## [Task objective]
For the listing below, how many lines contain the word "porque"? Answer with only that figure.

## [Data records]
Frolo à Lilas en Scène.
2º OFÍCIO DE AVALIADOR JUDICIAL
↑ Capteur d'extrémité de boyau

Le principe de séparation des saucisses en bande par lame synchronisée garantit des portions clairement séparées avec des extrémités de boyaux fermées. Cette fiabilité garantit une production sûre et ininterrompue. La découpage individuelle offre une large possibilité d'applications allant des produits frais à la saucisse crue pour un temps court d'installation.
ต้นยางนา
--
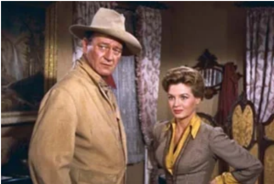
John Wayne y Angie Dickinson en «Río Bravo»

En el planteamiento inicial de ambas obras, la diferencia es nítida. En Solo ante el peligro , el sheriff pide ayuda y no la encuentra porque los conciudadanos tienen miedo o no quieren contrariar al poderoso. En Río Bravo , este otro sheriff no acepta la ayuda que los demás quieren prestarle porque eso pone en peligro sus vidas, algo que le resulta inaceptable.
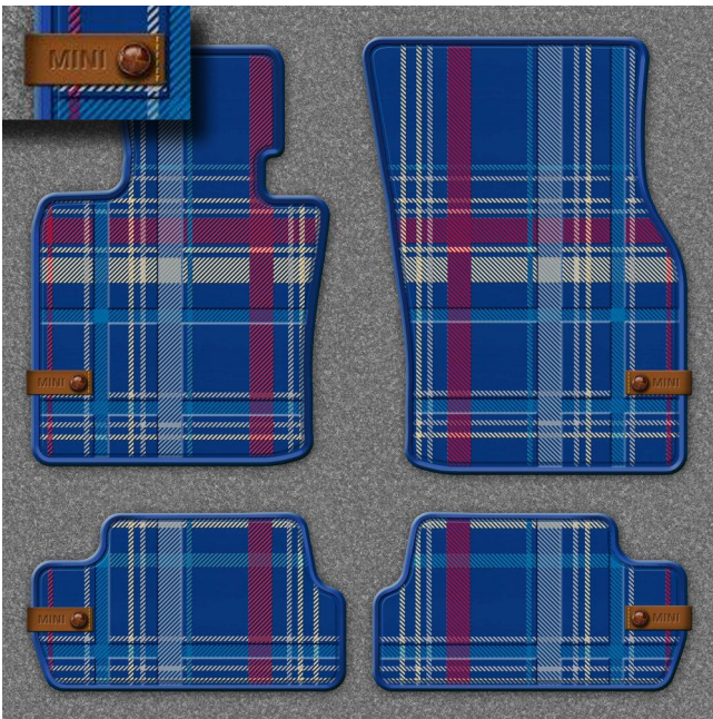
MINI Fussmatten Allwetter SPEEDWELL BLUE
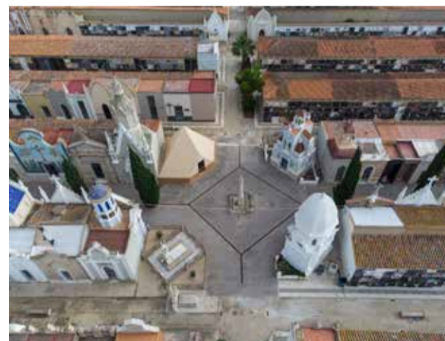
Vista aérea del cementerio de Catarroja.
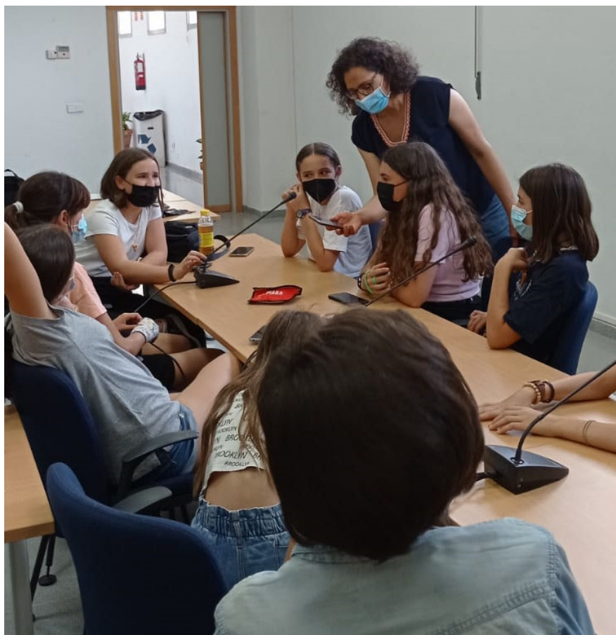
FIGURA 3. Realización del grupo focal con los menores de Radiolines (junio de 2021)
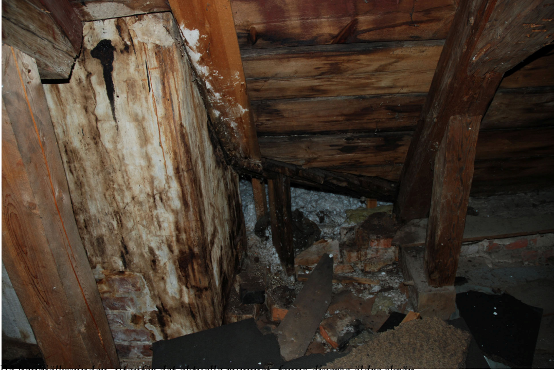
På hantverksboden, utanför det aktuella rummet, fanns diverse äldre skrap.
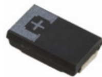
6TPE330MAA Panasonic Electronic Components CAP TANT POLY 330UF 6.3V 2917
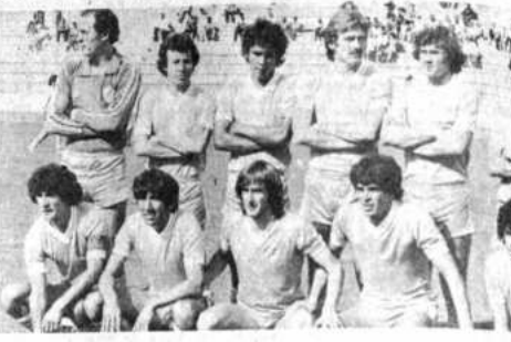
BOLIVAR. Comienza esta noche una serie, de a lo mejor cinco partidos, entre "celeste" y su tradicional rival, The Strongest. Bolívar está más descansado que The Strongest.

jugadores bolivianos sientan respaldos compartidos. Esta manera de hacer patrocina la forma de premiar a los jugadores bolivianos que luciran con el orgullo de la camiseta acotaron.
* * *
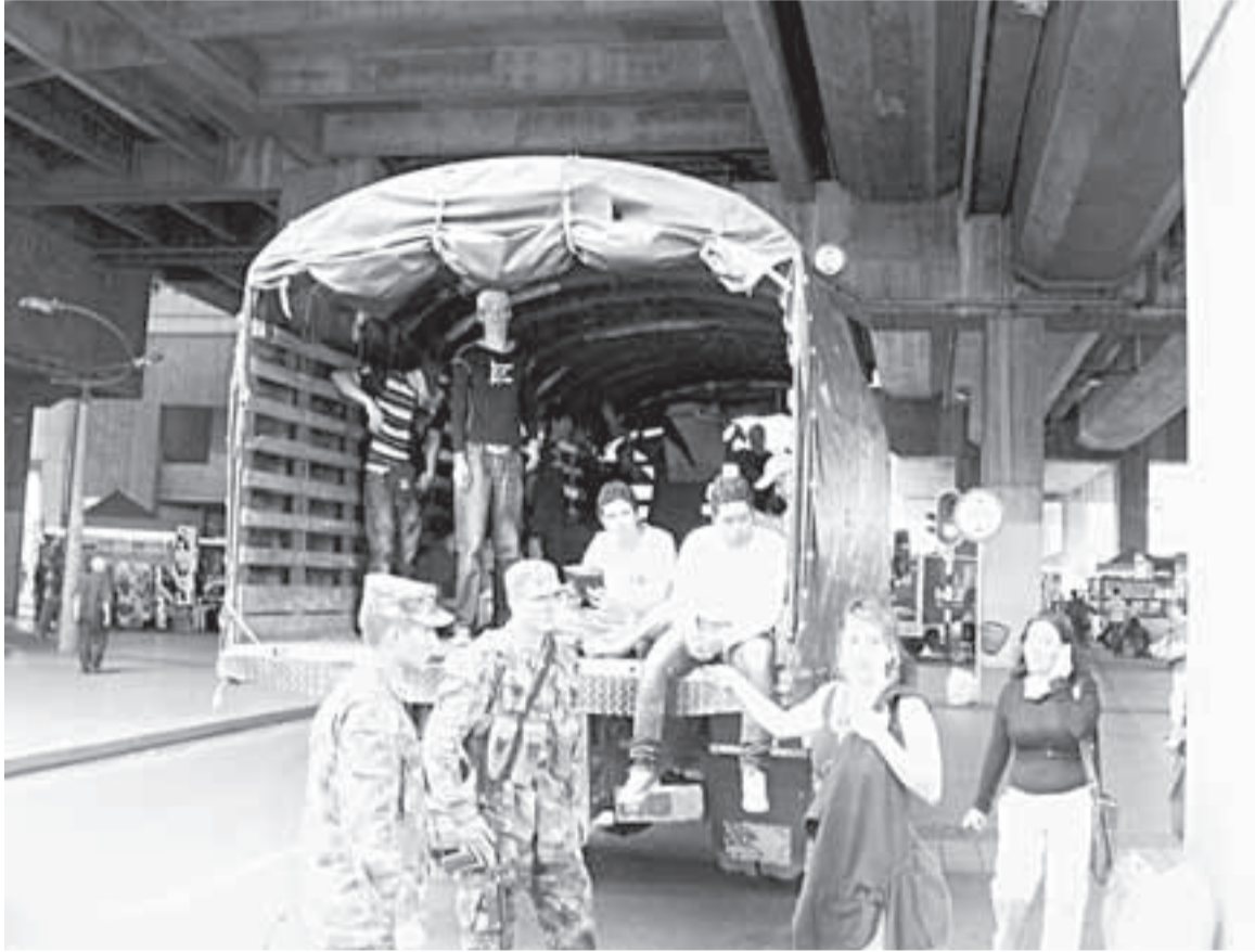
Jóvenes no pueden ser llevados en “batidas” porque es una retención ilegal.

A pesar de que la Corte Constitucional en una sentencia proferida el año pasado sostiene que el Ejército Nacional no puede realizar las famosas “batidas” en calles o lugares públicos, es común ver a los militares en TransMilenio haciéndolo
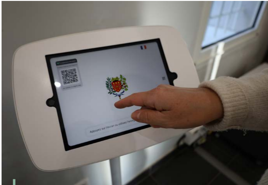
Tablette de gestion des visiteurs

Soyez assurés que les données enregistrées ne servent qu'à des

## [Solution to this exercise]
2